Once all the basic data is transferred, it's time for SVM Migrate to perform the cutover. Since this is an RPO=0 migration, the underlying data must be brought into an RPO=0 synchronous replication configuration. SVM Migrate orchestrates that process, and I saw that transition occur:
rtp-a700s-c01::> vserver migrate show-volume Volume Transfer Vserver Volume State Healthy Status Errors -------- ---------------- -------- --------- --------- ---------------------- jfs_esx jfs_esx online true InSync - jfs_esx_root online true InSync - 2 entries were displayed.

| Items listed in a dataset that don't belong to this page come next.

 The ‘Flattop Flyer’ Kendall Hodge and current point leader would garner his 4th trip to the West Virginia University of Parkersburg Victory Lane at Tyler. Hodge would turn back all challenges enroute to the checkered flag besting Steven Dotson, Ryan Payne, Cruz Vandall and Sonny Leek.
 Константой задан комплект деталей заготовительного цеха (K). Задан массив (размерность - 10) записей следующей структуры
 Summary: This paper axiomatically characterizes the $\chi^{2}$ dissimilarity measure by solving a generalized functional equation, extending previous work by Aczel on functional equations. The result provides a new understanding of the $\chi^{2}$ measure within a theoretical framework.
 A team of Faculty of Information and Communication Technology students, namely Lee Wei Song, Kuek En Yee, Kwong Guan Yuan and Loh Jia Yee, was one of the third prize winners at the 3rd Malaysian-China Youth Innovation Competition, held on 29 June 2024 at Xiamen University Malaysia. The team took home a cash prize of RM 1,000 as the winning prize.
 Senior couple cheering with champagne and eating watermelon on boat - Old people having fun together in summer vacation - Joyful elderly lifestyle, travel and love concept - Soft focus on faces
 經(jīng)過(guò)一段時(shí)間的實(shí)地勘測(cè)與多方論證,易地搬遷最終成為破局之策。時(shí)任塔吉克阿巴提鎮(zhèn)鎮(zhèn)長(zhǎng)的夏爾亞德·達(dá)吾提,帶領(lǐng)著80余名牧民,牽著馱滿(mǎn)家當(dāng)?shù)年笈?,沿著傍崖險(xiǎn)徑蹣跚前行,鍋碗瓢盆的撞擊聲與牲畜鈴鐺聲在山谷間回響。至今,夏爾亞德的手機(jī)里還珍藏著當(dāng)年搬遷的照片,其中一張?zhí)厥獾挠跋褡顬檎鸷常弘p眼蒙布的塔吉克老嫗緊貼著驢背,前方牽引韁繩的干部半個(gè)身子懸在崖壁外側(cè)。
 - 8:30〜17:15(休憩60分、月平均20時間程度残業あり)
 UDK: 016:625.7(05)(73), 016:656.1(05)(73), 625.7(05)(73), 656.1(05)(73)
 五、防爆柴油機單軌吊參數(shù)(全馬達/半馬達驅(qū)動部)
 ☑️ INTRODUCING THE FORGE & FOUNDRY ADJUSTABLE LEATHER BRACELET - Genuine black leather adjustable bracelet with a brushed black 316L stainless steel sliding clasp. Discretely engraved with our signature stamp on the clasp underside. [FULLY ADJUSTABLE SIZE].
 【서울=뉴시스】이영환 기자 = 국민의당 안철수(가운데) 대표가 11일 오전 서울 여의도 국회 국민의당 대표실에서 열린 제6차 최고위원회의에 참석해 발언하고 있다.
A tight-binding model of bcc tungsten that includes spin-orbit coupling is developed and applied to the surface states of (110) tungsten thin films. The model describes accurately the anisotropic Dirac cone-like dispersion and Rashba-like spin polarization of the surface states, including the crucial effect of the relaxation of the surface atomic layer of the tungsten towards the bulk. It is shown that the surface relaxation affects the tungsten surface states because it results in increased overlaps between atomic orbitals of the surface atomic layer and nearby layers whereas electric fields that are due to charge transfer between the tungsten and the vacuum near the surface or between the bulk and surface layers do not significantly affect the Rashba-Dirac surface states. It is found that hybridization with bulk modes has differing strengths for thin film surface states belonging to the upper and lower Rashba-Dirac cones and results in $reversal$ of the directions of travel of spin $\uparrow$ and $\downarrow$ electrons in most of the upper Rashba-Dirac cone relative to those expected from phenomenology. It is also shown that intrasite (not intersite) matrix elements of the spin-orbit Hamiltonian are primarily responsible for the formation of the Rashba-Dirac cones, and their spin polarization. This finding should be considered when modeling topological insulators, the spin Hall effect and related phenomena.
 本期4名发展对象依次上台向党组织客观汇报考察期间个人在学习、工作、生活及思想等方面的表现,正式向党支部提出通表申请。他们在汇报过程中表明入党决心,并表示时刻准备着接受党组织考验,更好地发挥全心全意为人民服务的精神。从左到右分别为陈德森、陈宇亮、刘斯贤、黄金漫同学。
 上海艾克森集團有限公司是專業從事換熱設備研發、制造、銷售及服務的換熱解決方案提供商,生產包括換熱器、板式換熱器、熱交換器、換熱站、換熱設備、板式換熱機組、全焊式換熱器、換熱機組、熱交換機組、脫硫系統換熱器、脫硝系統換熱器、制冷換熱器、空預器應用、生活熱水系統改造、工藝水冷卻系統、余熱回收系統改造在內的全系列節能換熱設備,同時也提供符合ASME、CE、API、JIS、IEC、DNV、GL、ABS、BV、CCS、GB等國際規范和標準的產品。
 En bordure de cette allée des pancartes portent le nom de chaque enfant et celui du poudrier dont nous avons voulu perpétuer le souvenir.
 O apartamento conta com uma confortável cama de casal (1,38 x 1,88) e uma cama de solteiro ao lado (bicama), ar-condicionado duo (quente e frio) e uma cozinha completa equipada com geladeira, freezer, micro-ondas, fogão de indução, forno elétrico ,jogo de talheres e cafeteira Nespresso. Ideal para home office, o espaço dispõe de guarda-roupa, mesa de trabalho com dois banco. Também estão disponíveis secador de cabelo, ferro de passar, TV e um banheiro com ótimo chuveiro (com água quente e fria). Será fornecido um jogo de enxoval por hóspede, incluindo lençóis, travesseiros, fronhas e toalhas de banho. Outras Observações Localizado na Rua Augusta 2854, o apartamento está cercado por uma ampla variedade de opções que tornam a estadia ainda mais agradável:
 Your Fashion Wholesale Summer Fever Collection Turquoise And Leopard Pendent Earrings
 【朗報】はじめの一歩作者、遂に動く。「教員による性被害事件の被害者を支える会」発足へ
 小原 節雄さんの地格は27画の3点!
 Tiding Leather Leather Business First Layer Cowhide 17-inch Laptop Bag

I then went back to watching the migrate-show output and saw these responses:
rtp-a700s-c01::> vserver migrate show Destination Source Vserver Cluster Cluster Status ---------------- ------------------- ------------------- --------------------- jfs_esx rtp-a700s-c01 rtp-a700s-c02 post-cutover rtp-a700s-c01::> vserver migrate show Destination Source Vserver Cluster Cluster Status ---------------- ------------------- ------------------- --------------------- jfs_esx rtp-a700s-c01 rtp-a700s-c02 cleanup rtp-a700s-c01::> vserver migrate show Destination Source Vserver Cluster Cluster Status ---------------- ------------------- ------------------- --------------------- jfs_esx rtp-a700s-c01 rtp-a700s-c02 migrate-complete
I'm impressed. I was in some early conversations about the SVM Migrate feature, but I hadn't thought about it since then.
I successfully relocated all the storage for all my VMs, nondisruptively, with a single command, and without even reading the documentation (again, please read the documentation anyway).
It was simple, and it simply worked. As it should.